Exercise 3.9 (Queries)  

  1. Get all items between 5 and 10 from an array a = np.array([2, 6, 1, 9, 10, 3, 27]).
  2. Consider x = np.array([1, 2, 1, 1, 3, 4, 3, 1, 1, 2, 1, 1, 2]). Please find the index of 5th repetition of number 1 in x.

Exercise 3.10 Use the following code to get the dataset iris and three related np.array: iris_1d, iris_2d and sepallength.

import numpy as np

url = 'https://archive.ics.uci.edu/ml/machine-learning-databases/iris/iris.data'
iris_1d = np.genfromtxt(url, delimiter=',', dtype=None, encoding=None)
iris_2d = np.genfromtxt(url, delimiter=',', dtype='float', encoding=None,
                        usecols=[0, 1, 2, 3])
iris_2d[np.random.randint(150, size=20), np.random.randint(4, size=20)] = np.nan
sepallength = np.genfromtxt(url, delimiter=',', dtype='float', usecols=[0],
                            encoding=None)
  1. iris_1d is a 1D numpy array that each item is a tuple. Please construct a new 1D numpy array that each item is the last componenet of each tuple in iris_1d.

  2. Convert iris_1d into a 2D array iris_2d by omitting the last field of each item.

  3. np.isnan() is a function to check whether each entry of a ndarray is nan or not.
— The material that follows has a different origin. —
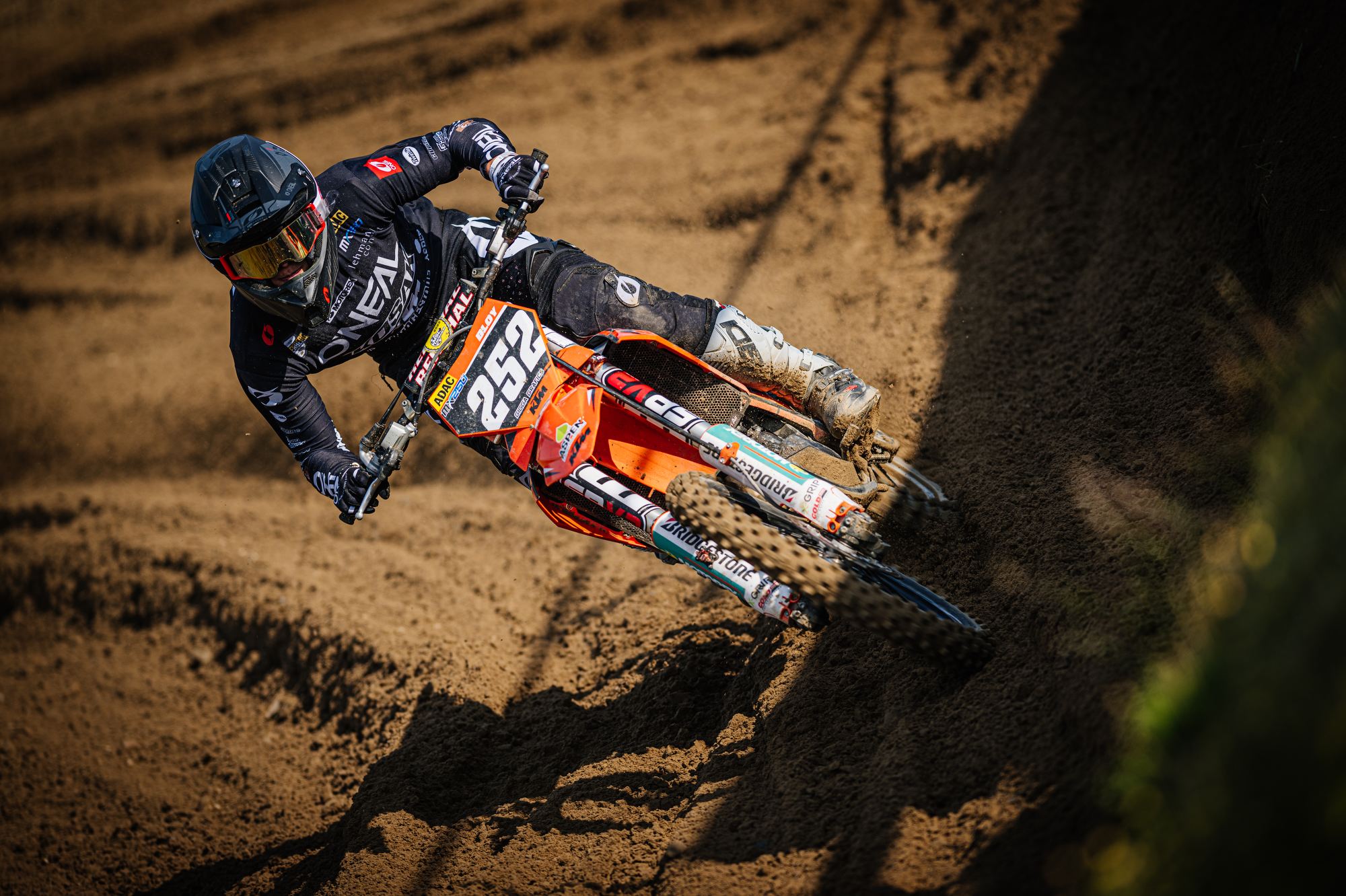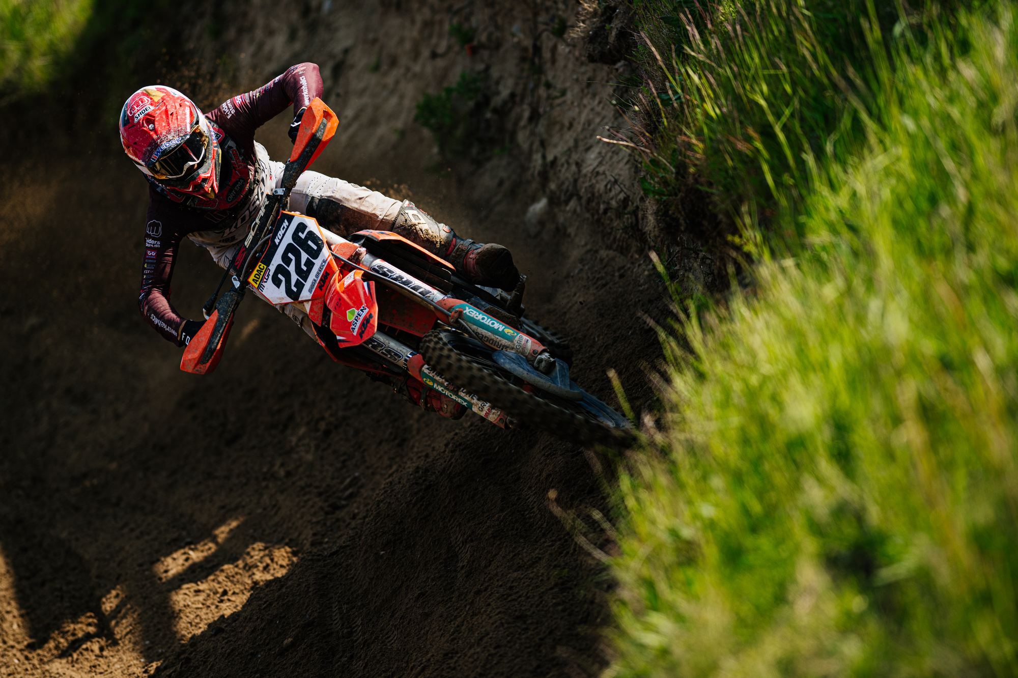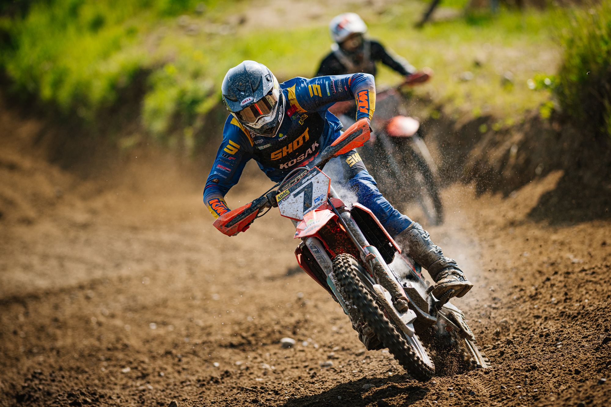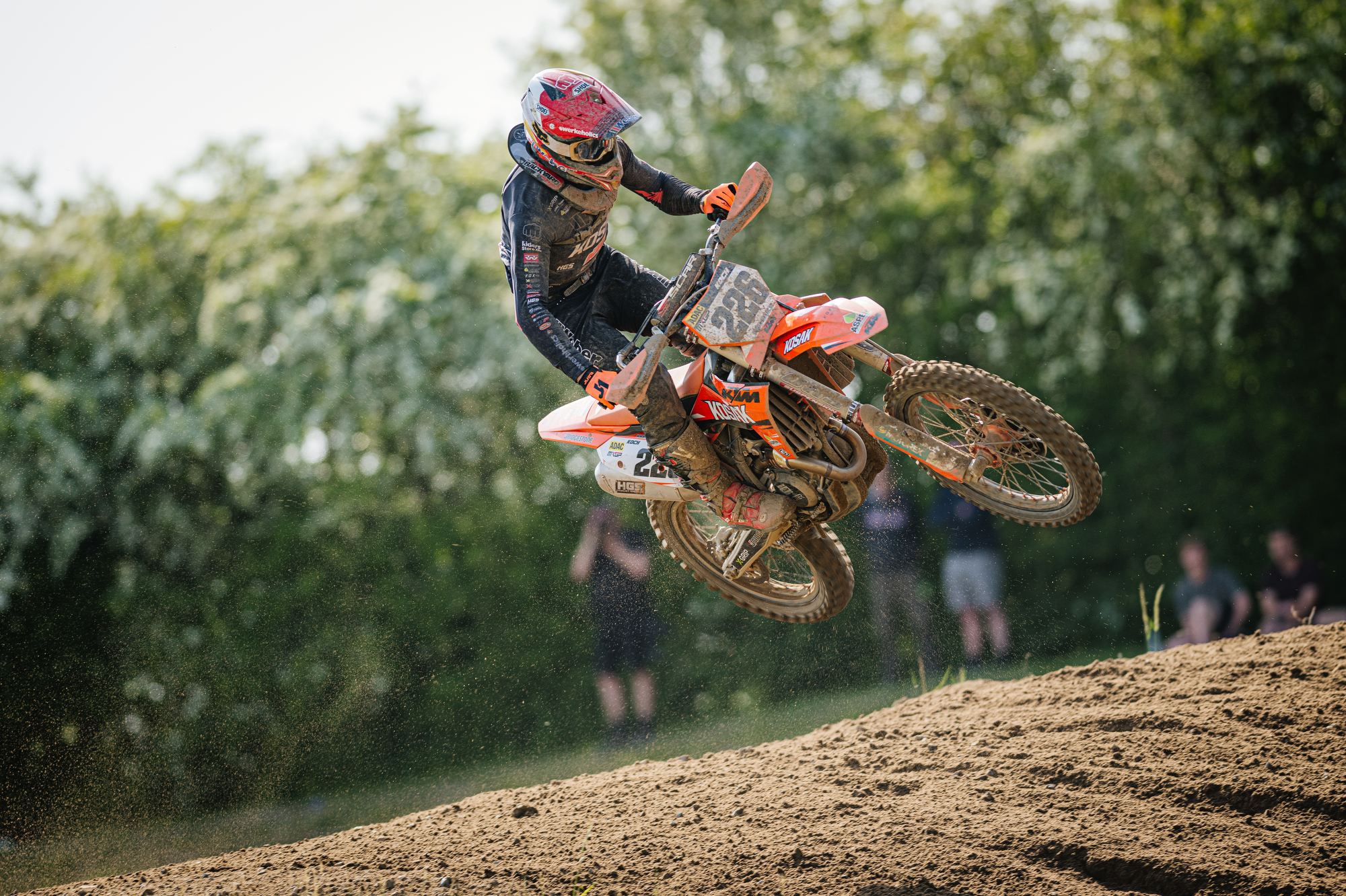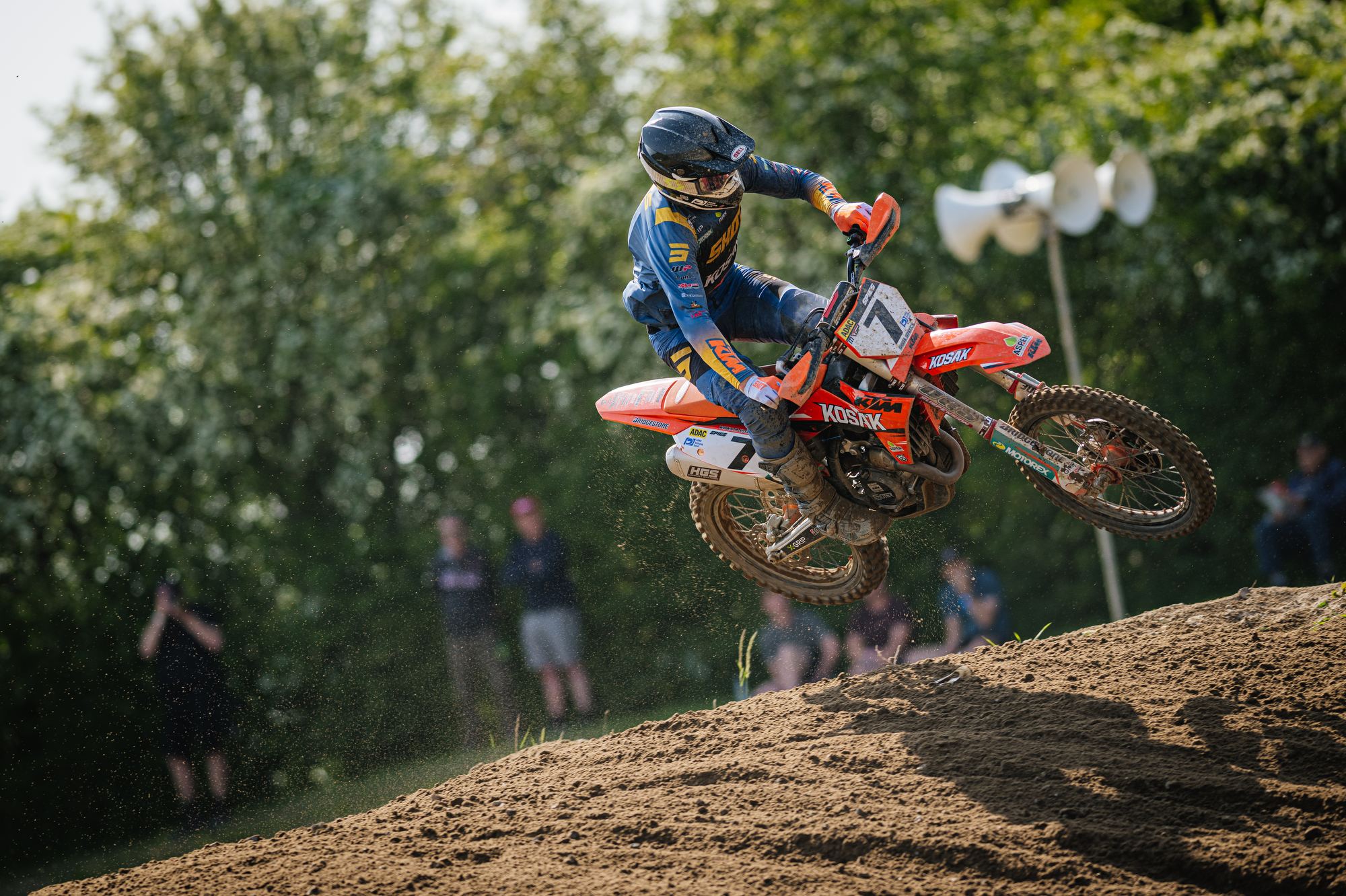 Im zweiten Durchgang war er nach dem Start gleich wieder in der Spitzengruppe, kam in einen guten Flow und konnte in der neunten von sechzehn Runden die Führung übernehmen. Die Angriffsversuche des Tabellenführers wehrte er sicher ab und holte sich mit vier Sekunden Vorsprung seinen ersten Laufsieg bei einem ADAC MX Masters Rennen in diesem Jahr.

Please use np.isnan() as well as np.where() to find all nan entries in iris_2d.

  4. Select the rows of iris_2d that does not have any nan value.

  5. Replace all nan with 0 in iris_2d.

Exercise 3.11 (Random) Please finish the following tasks.

  1. Use the package np.random to flip a coin 100 times and record the result in a 1d ndarray coin.
  2. Assume that the coin is not fair, and the probability to get H is p. Write a code to flip the coin 100 times and record the result in a list coin, with a given parameter p. You may use p=.4 as the first choice.
  3. For each list coin created above, write a code to find the longest H streak. We only need the biggest number of consecutive H we get during this 100 tosses. It is NOT necessary to know when we start the streak.
  4. Please write functions to perform the above operations.

Exercise 3.12 (Bins) Please read the document of np.digitize(), and use it to do the following task.

Set the following bins:

  • Less than or equal to 3: small
  • Bigger than 3 but less than or equal to 5: medium
  • Bigger than 5: large

Please transform the following data iris_2c into texts using the given bins.

import numpy as np
url = 'https://archive.ics.uci.edu/ml/machine-learning-databases/iris/iris.data'
iris_2c = np.genfromtxt(url, delimiter=',', dtype='object')[:, 2].astype('float')

Exercise 3.13 Consider a 2d ndarray a.

import numpy as np
a = np.random.rand(5, 5)
  1. Please sort it along the 3rd column.
  2. Please sort it along the 2nd row.

You may use np.argsort() for the problem.

Exercise 3.14 (One-hot vector) Compute the one-hot encodings of a given array. You may use the following array as a test example. In this example, there are 3 labels. So the one-hot vectors are 3 dimensional vectors.

For more infomation about one-hot encodings, you may check the Wiki page. You are not allowed to use packages that can directly compute the one-hot encodings for this problem.

import numpy as np
arr = np.random.randint(1,4, size=6)

Exercise 3.15 Consider arr = np.arange(8). A stride of arr with a window length of 4 and strides of 2 is a 2d ndarray that looks like:

array([[0, 1, 2, 3],
       [2, 3, 4, 5],
       [4, 5, 6, 7]])

Please write a function that takes arr and length and strides as inputs, and its stride as outputs.